Re: [PATCH 7/7] RCU, workqueue: Implement rcu_work

From: Paul E. McKenney
Date: Wed Mar 07 2018 - 09:53:49 EST


On Wed, Mar 07, 2018 at 10:49:49AM +0800, Lai Jiangshan wrote:
> On Wed, Mar 7, 2018 at 1:33 AM, Tejun Heo <tj@xxxxxxxxxx> wrote:
>
> > +/**
> > + * queue_rcu_work_on - queue work on specific CPU after a RCU grace period
> > + * @cpu: CPU number to execute work on
> > + * @wq: workqueue to use
> > + * @rwork: work to queue
>
> For many people, "RCU grace period" is clear enough, but not ALL.
>
> So please make it a little more clear that it just queues work after
> a *Normal* RCU grace period. it supports only one RCU variant.
>
>
> > + *
> > + * Return: %false if @work was already on a queue, %true otherwise.
> > + */
>
> I'm afraid this will be a hard-using API.
>
> The user can't find a plan B when it returns false, especially when
> the user expects the work must be called at least once again
> after an RCU grace period.
>
> And the error-prone part of it is that, like other queue_work() functions,
> the return value of it is often ignored and makes the problem worse.
>
> So, since workqueue.c provides this API, it should handle this
> problem. For example, by calling call_rcu() again in this case, but
> everything will be much more complex: a synchronization is needed
> for "calling call_rcu() again" and allowing the work item called
> twice after the last queue_rcu_work() is not workqueue style.

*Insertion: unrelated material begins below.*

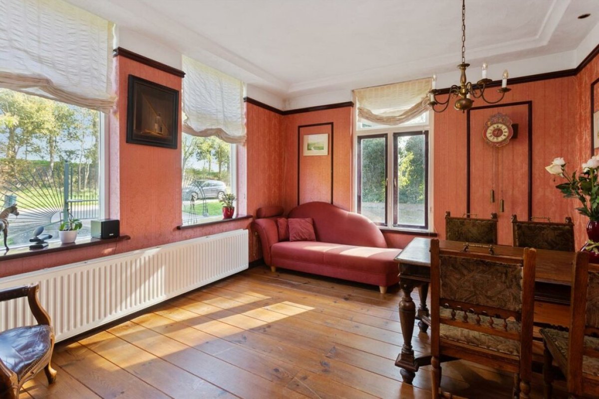 Begane grond: via de entree komt u in de ruime hal met een toilet. De hal biedt toegang tot een tweetal kamers, thans een herenkamer en een praktijkruimte, en de zeer royale woonkamer met open keuken. De lichte woonkamer met open haard heeft veel raampartijen die aan de achterzijde van de woonkamer een prachtig uitzicht bieden over de eigen weides en de polder. Via 2 openslaande deuren komt u uit op het grote terras op het zuiden. In de gezellige keuken vindt u diverse inbouwapparatuur zoals een 5-pits gasfornuis met brede oven, een vaatwasser en een Amerikaanse koelkast. Aan de achterkant van de woonkamer is een hal die toegang geeft tot de bijkeuken en de garage. Het terras is ook via deze bijkeuken te bereiken. In de woonkamer vindt u de trap naar de (wijn)kelder en toegang tot de wasruimte met een deur naar het terras aan de zijkant. Op bijna de gehele begane grond liggen Portugese tegels met vloerverwarming.

I confess that I had not thought of this aspect, but doesn't the
rcu_barrier() in v2 of this patchset guarantee that it has passed
the RCU portion of the overall wait time? Given that, what I am
missing is now this differs from flush_work() on a normal work item.

So could you please show me the sequence of events that leads to this
problem? (Again, against v2 of this patch, which replaces the
synchronize_rcu() with rcu_barrier().)

> Some would argue that the delayed_work has the same problem
> when the user expects the work must be called at least once again
> after a period of time. But time interval is easy to detect, the user
> can check the time and call the queue_delayed_work() again
> when needed which is also a frequent design pattern. And
> for rcu, it is hard to use this design pattern since it is hard
> to detect (new) rcu grace period without using call_rcu().
>
> I would not provide this API. it is not a NACK. I'm just trying
> expressing my thinking about the API. I'd rather RCU be changed
> and RCU callbacks are changed to be sleepable. But a complete
> overhaul cleanup on the whole source tree for compatibility
> is needed at first, an even more complex job.

One downside of allowing RCU callback functions to sleep is that
one poorly written callback can block a bunch of other ones.
One advantage of Tejun's approach is that such delays only affect
the workqueues, which are already designed to handle such delays.

Thanx, Paul

> > +bool queue_rcu_work_on(int cpu, struct workqueue_struct *wq,
> > + struct rcu_work *rwork)
> > +{
> > + struct work_struct *work = &rwork->work;
> > +
> > + if (!test_and_set_bit(WORK_STRUCT_PENDING_BIT, work_data_bits(work))) {
> > + rwork->wq = wq;
> > + rwork->cpu = cpu;
> > + call_rcu(&rwork->rcu, rcu_work_rcufn);
> > + return true;
> > + }
> > +
> > + return false;
> > +}
> > +EXPORT_SYMBOL(queue_rcu_work_on);
> > +
>